** Opening DATA TO USE block **

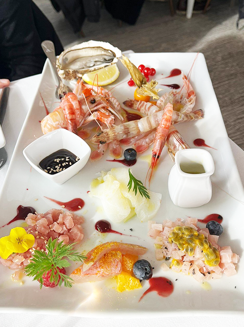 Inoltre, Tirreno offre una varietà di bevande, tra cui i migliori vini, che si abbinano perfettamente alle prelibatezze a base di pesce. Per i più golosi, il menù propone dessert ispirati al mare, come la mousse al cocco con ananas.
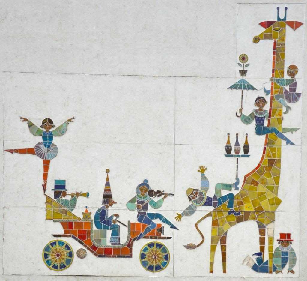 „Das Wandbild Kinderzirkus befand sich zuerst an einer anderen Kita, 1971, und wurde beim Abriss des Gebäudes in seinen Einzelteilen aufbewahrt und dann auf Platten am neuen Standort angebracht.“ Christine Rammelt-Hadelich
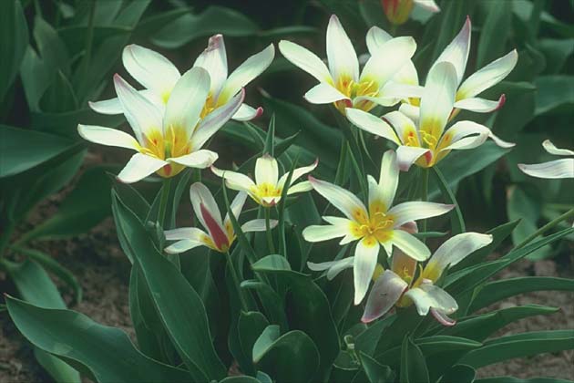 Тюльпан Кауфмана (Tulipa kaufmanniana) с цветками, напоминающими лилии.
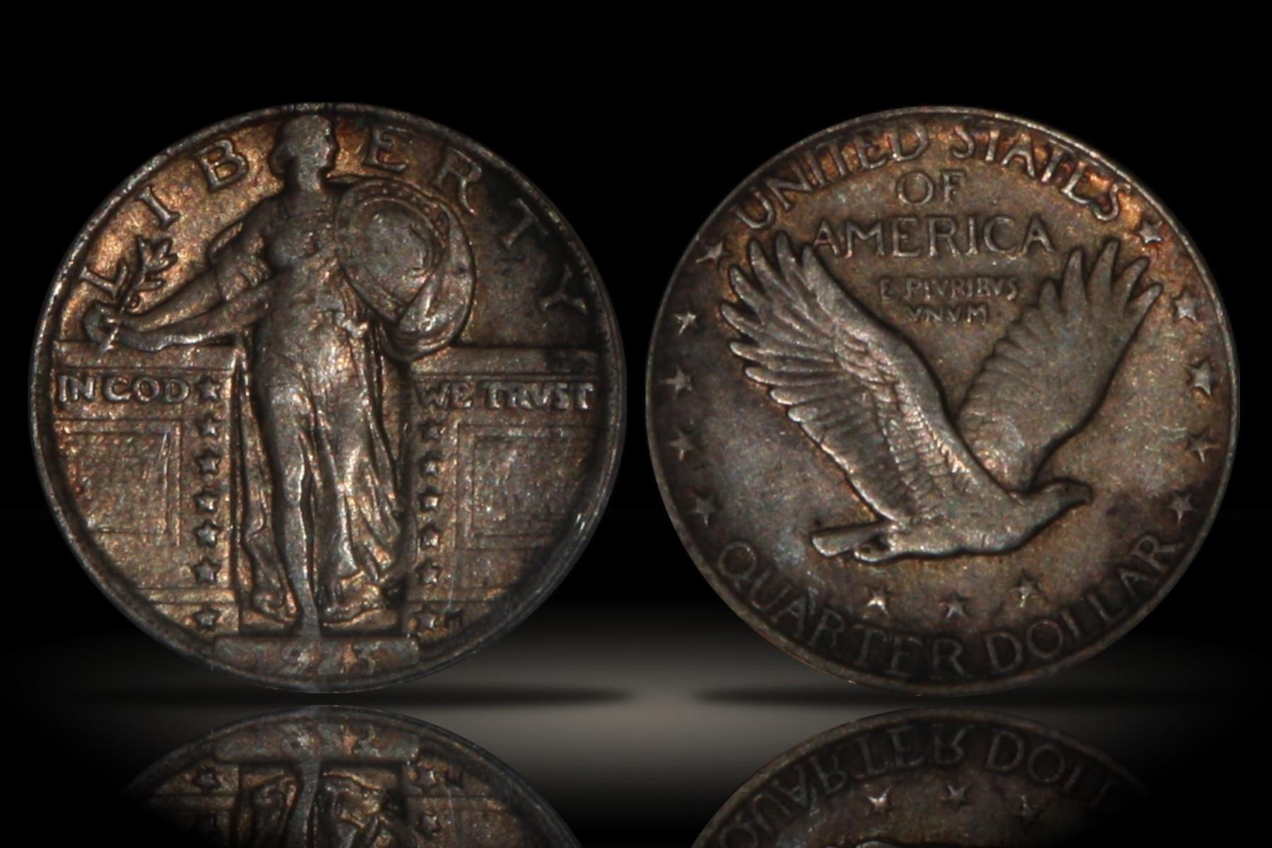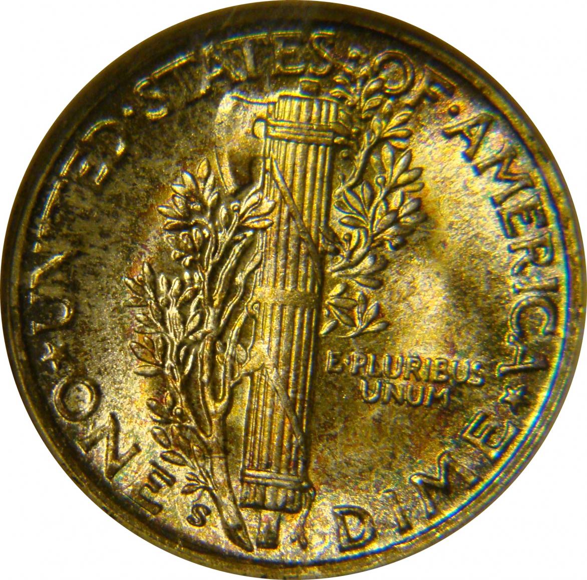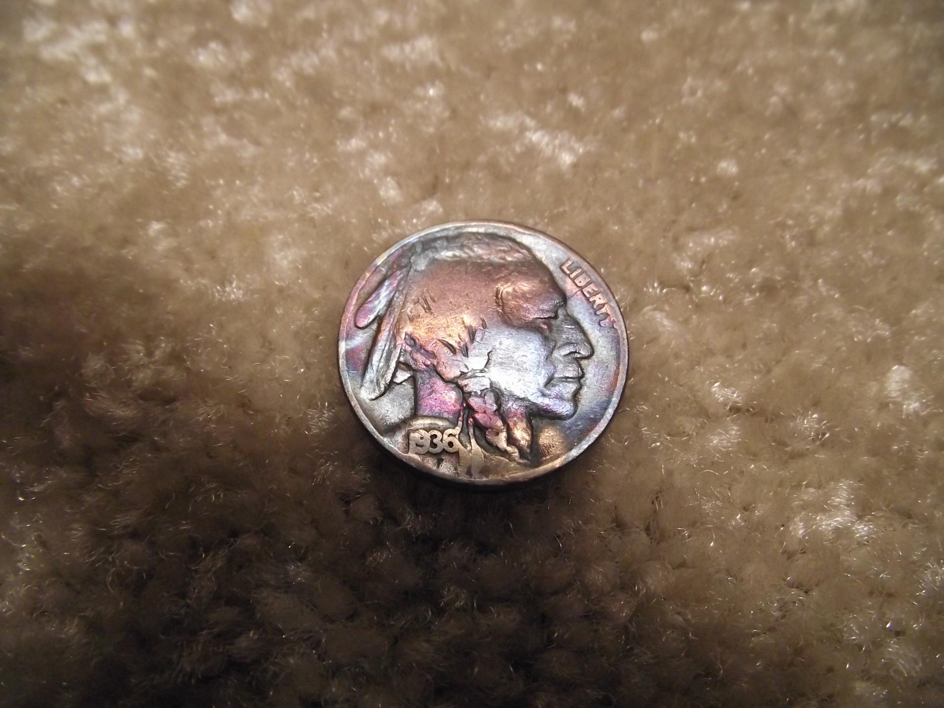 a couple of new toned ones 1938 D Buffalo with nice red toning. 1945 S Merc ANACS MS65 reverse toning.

** Closing DATA TO USE block **
** Opening DATA TO USE block **

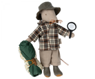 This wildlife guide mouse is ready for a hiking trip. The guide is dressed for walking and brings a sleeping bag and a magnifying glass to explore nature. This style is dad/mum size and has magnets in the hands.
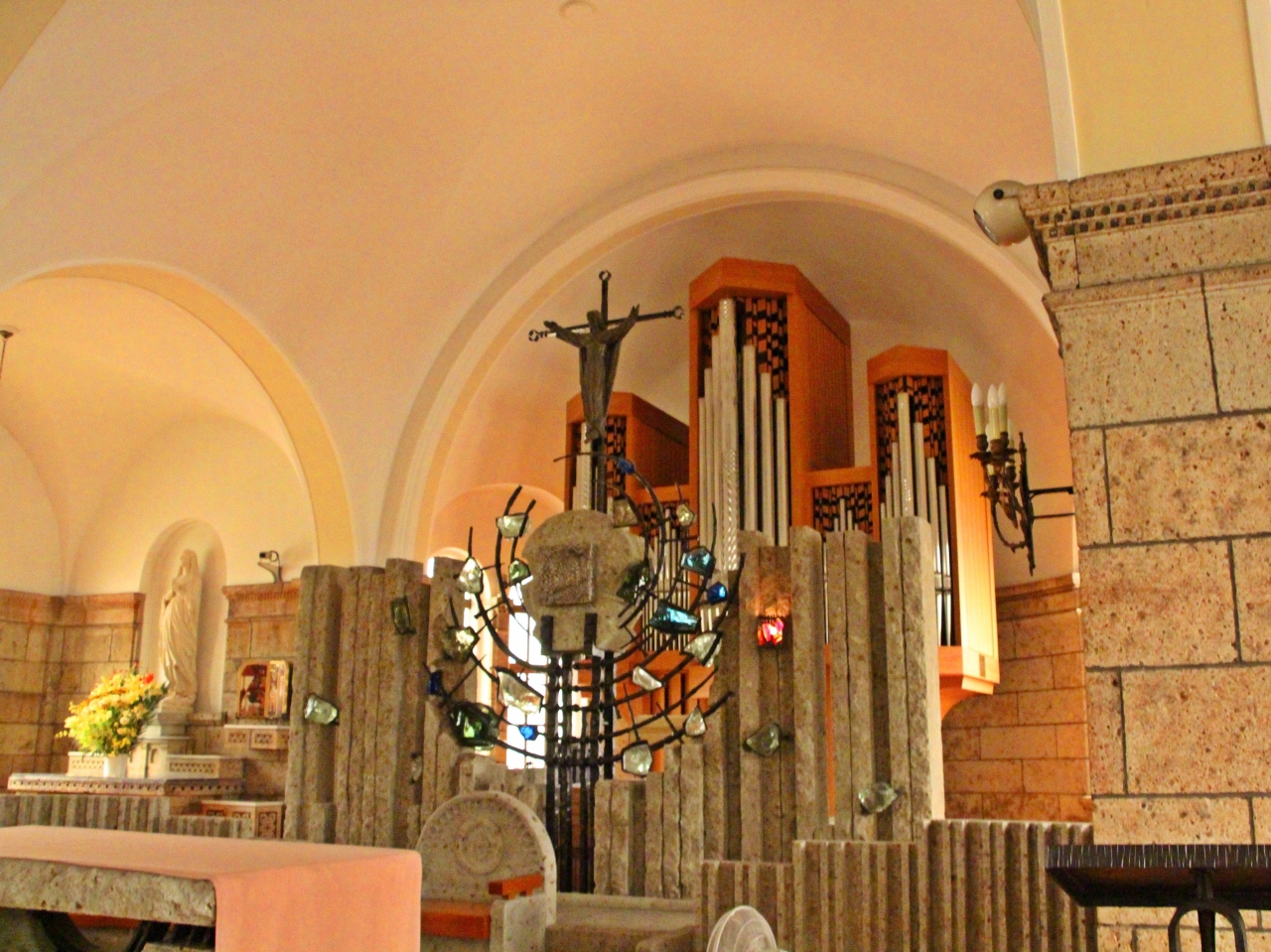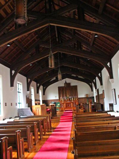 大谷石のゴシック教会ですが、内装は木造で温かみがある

** Closing DATA TO USE block **

TASK ITEM ->
Although pictures appear among the entries, please set down only the lines from the one with "Inoltre, Tirreno offre" up to and including the one with "a couple of", word for word.

YOUR RESPONSE ->
 Inoltre, Tirreno offre una varietà di bevande, tra cui i migliori vini, che si abbinano perfettamente alle prelibatezze a base di pesce. Per i più golosi, il menù propone dessert ispirati al mare, come la mousse al cocco con ananas.
 „Das Wandbild Kinderzirkus befand sich zuerst an einer anderen Kita, 1971, und wurde beim Abriss des Gebäudes in seinen Einzelteilen aufbewahrt und dann auf Platten am neuen Standort angebracht.“ Christine Rammelt-Hadelich
 Тюльпан Кауфмана (Tulipa kaufmanniana) с цветками, напоминающими лилии.
 a couple of new toned ones 1938 D Buffalo with nice red toning. 1945 S Merc ANACS MS65 reverse toning.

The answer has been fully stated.